Modin’s highly modular design is architected to run on a variety of systems, and support a variety of APIs. The goal for the extensible design is that users can take the same notebook or script and seamlessly move between different clusters and environments, with Modin being able to support the pandas API on your preexisting infrastructure. Currently, Modin support running on Dask’s compute engine in addition to Ray. The modular design makes it easier for developers to different execution engines or compile to different memory formats. Modin can run on a Dask cluster in the same way that DaskDF can, but they differ in the ways described above. In addition, Modin is continually expanding to support popular data processing APIs (SQL in addition to pandas, among other DSLs for data processing) while leveraging the same underlying execution framework. Modin’s flexible architecture also means that as the pandas API continues to evolve, Modin can quickly move towards supporting new versions of the pandas API.
On operations supported by all systems, Modin provides substantial speedups. Thanks to its optimized design, Modin is able to take advantage of multiple cores relative to both Koalas and DaskDF to efficiently execute pandas operations. It is notable that Koalas is often slower than pandas, due to the overhead of Spark.

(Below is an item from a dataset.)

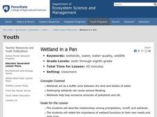 Students discover how wetlands filter out contaminants before they can reach other bodies of water. In groups, they design and build a model of a stormwater wetland. They test the water quality and inform their classmates about the...

Modin provides substantial speedups even on operators not supported by other systems. Thanks to its flexible partitioning schemes that enable it to support the vast majority of pandas operations — be it row, column, or cell-oriented - Modin provides benefits on operations such as
infer_types. While Koalas performs
join slower than Pandas, Dask failed to support
join on more than 20M rows, likely due poor support for shuffles. Details of the benchmark and additional join experiments can be found in our paper.